B.   Consultant is desirous of performing such services on behalf of the Company and desires to be engaged and retained by the Company upon the terms and conditions provided for herein.

NOW, THEREFORE, in consideration of the recitals, promises and conditions in this Agreement, the Consultant and the Company agree as follows:

1.   Consulting Services . The Company hereby retains the Consultant on a non- exclusive but priority basis, and exclusive basis with regards to those specific services on Transactions (as defined below) and the Consultant accepts such retention for the following functions, services and duties:  


1.1   Acquisition Consulting Services . The Consultant agrees that during the term of this Agreement it will assist the Company in the identification, evaluation, structuring, negotiating and closing of business acquisitions, whether in the form of asset purchases, stock purchases, mergers, consolidations, joint ventures, strategic alliances or otherwise (“Transactions”).
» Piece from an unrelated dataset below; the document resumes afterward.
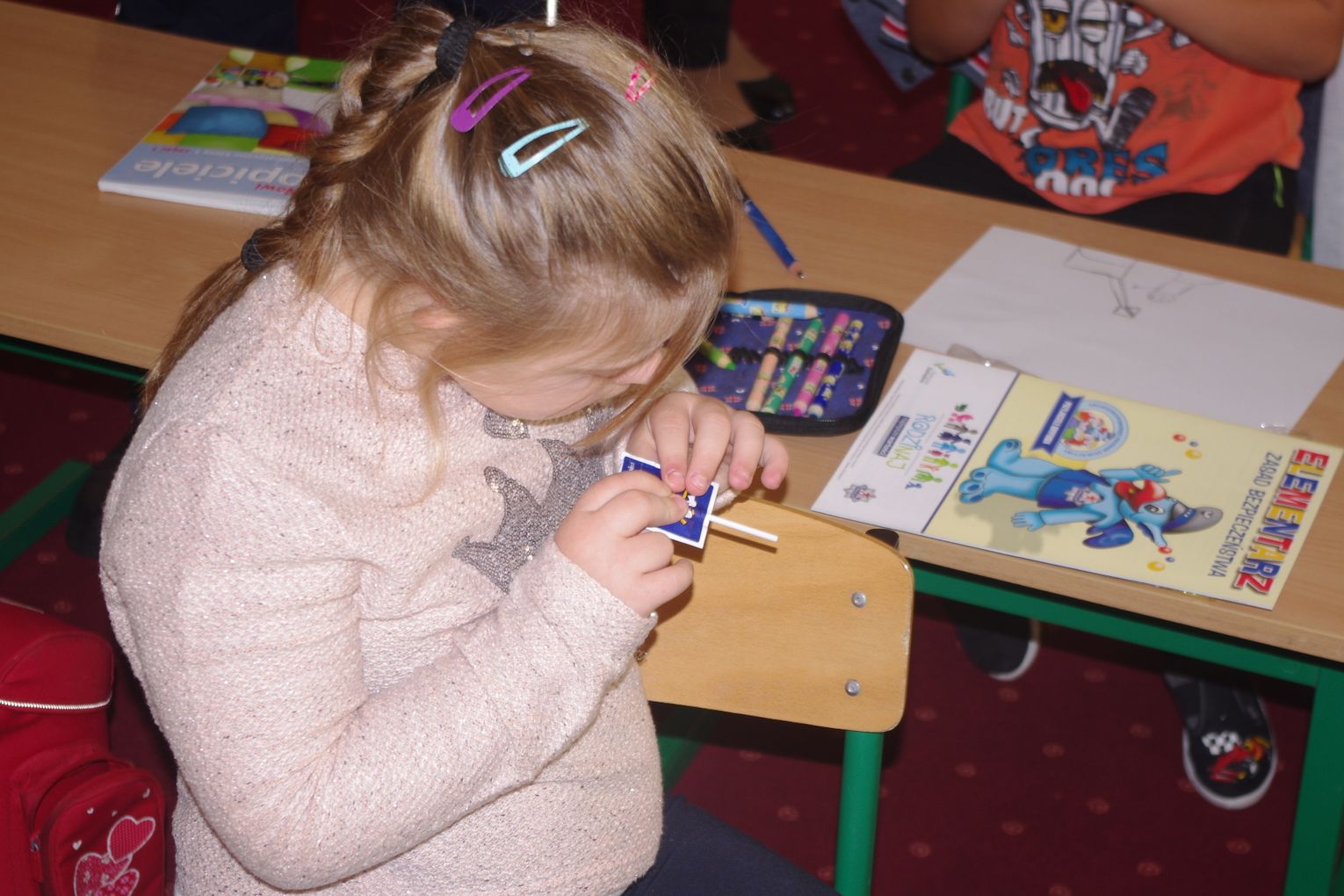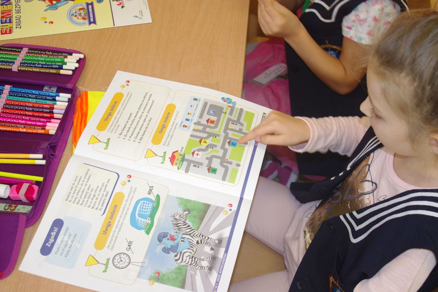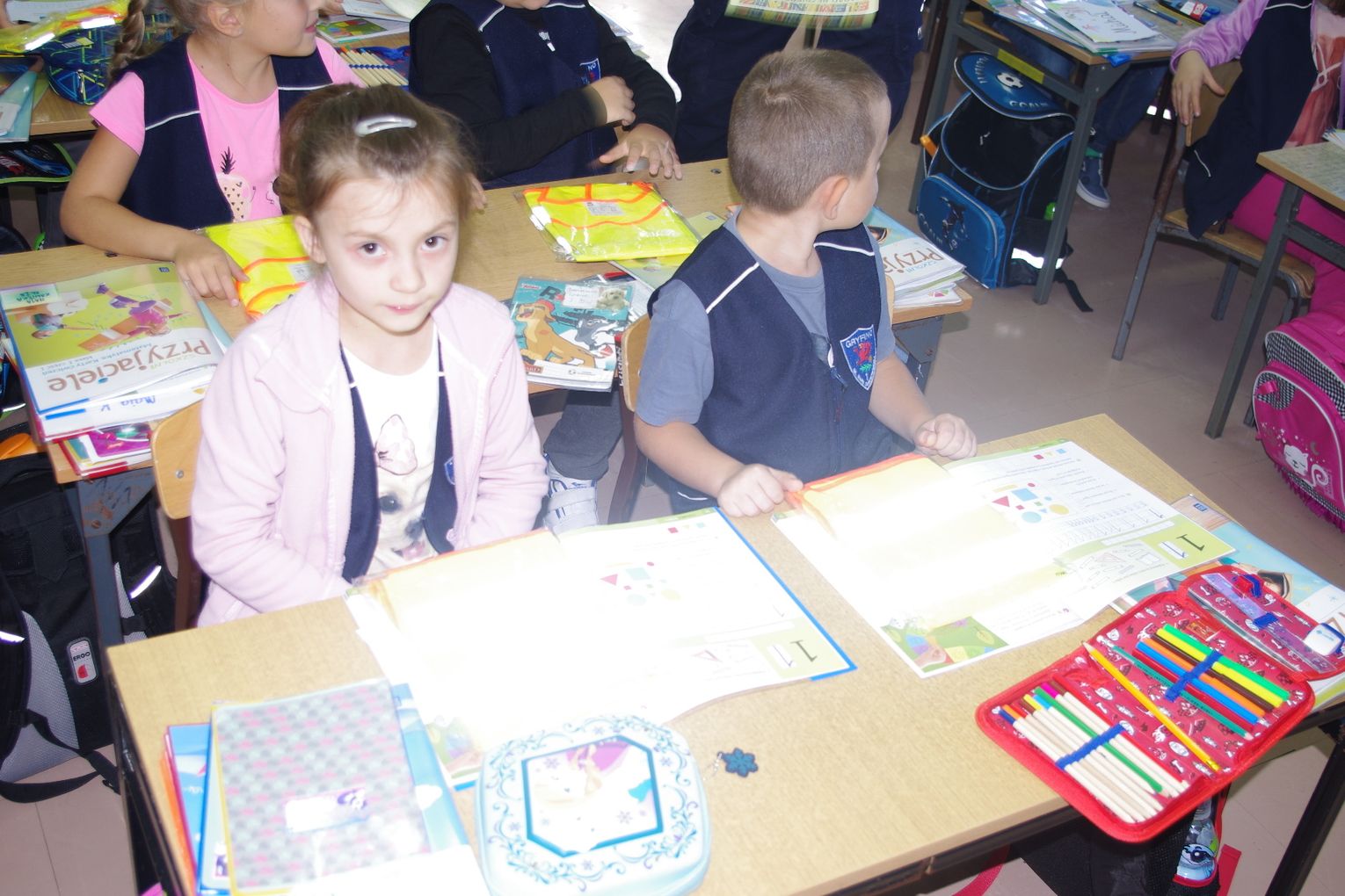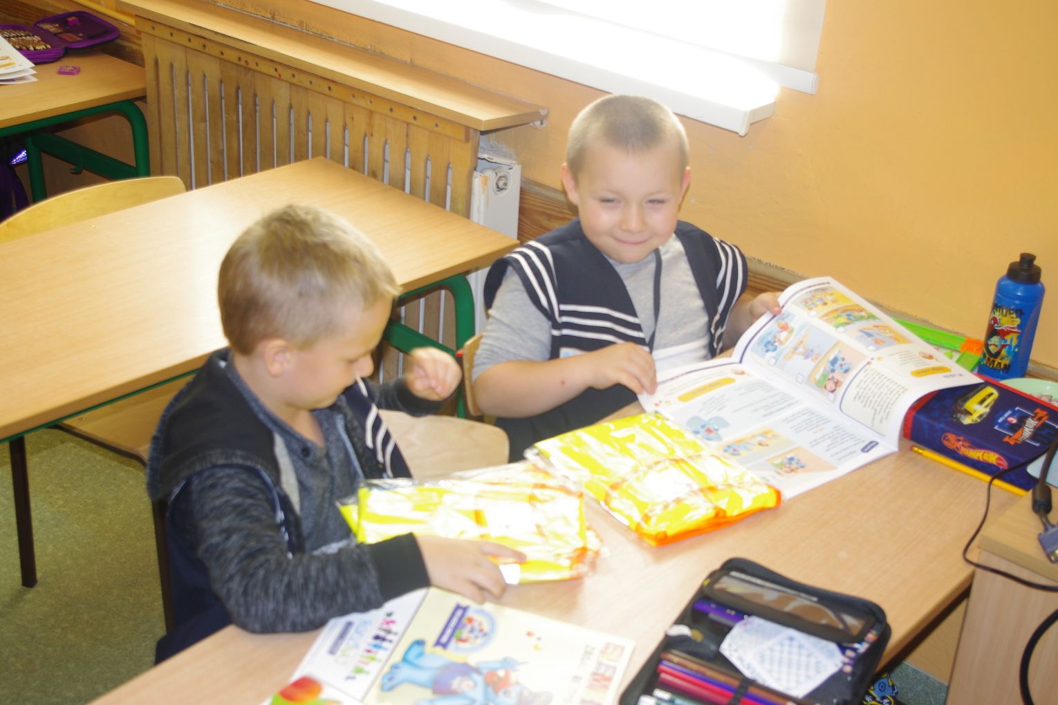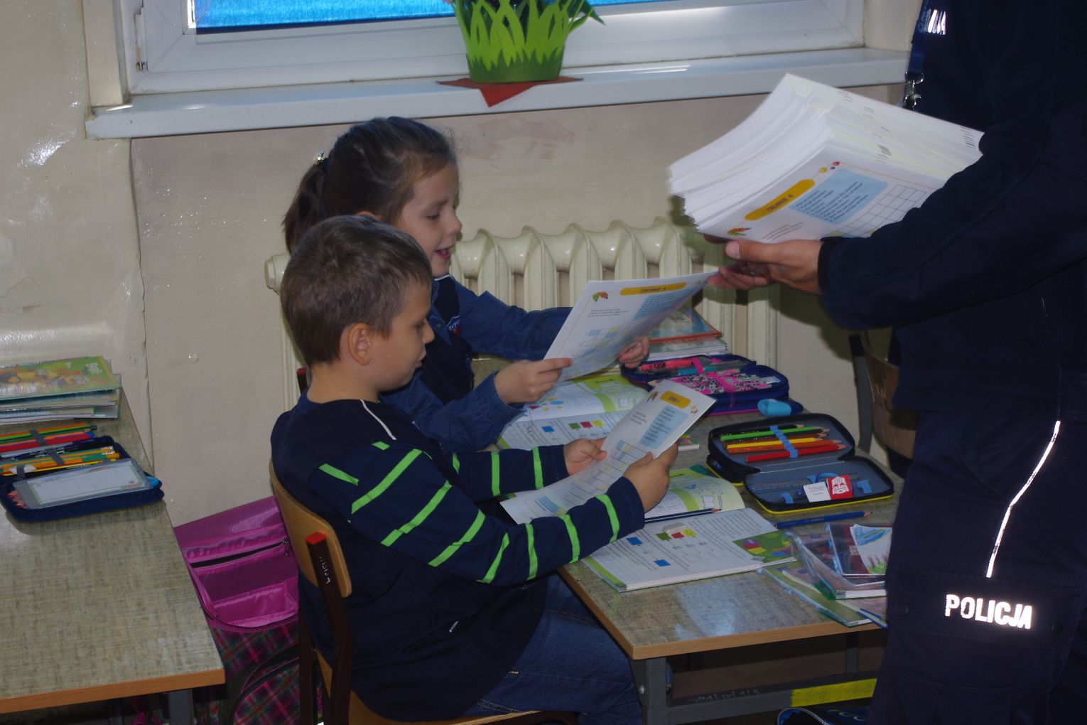 Dzięki wsparciu i zaangażowaniu jednego z lokalnych przedsiębiorców w tym roku każdy uczeń otrzymał również kamizelkę odblaskową, dzięki której będzie bardziej widoczny w drodze do szkoły i nie tylko, szczególnie podczas zbliżającego się okresu jesienno – zimowego, kiedy wcześniej zapada zmrok.

1.2   Conditions of Compensation.   Compensation shall be paid only in connection with Transactions:
 
1.2.1   proposed by the Consultant and accepted and actually undertaken by the Company. The Consultant shall be free to offer the same Transaction to others if the Company does not accept it within ten (10) business days or is not able to prove financial capability of undertaking the Transaction in 21 days after accepting it; and

 
 

 
 
1.2.2   that the Company requests the Consultant’s assistance in writing.

1.3   The Transactions that the Consultant has been engaged in prior to the execution of this Agreement are: Laud Petroleum, Perm, Russia; SRC Biodiesel Refinery, Houston, Texas and Thermal Solar Generation Projects, Cyprus and Turkey.

2.   Term . The term of this Consulting Agreement shall be for a five (5) year period commencing on the date hereof.

3.   Compensation .

3.1   As full consideration for the services to be provided pursuant to paragraph 1 of this Agreement, the Consultant shall be entitled to have a 20% carried interest in any Transaction closed by the Company, subject to 1.2 above. At the Consultant’s sole option, compensation may be paid in restricted Company stock in an amount equal to 20% of any transaction’s value undertaken by the Company pursuant to paragraph 1 above. Transaction value shall be the market value on the day of the closing of stock, cash; assets and all other property (real or personal) exchanged or received, directly or indirectly by the Company or any of its security holders in connection with any such transaction.

3.2   The obligation of the Company to pay the fees described in subparagraph 3 of this Agreement shall be absolute and unconditional as long Consultant performs its obligations under this Agreement, and shall be payable without offset, deduction or claim of any kind or character. In the event that this Agreement shall not be renewed or if terminated for any reason, notwithstanding any such non-renewal or termination, Consultant shall be entitled to a full fee as provided under paragraph 3.1 and expense reimbursement as provided in paragraph 4 hereof, for any transaction for which the discussions were initiated during the term of this Agreement and which is consummated within a period of eighteen months after non-renewal or termination of this Agreement.

3.3   The Company hereby acknowledges and consents that Consultant may receive additional fees or other compensation from one or more of the lenders, subscribers, customers, investors or parties to any transaction described in this Agreement or any sources of funding identified by Consultant, for various services which may include, in part, services related to this Agreement.

3.4   The Company hereby acknowledges and consents that Consultant may receive additional fees or other compensation from one or more of the lenders, subscribers, customers, investors or parties to any transaction described in this Agreement or any sources of funding identified by Consultant, for various services which may include, in part, services related to this Agreement.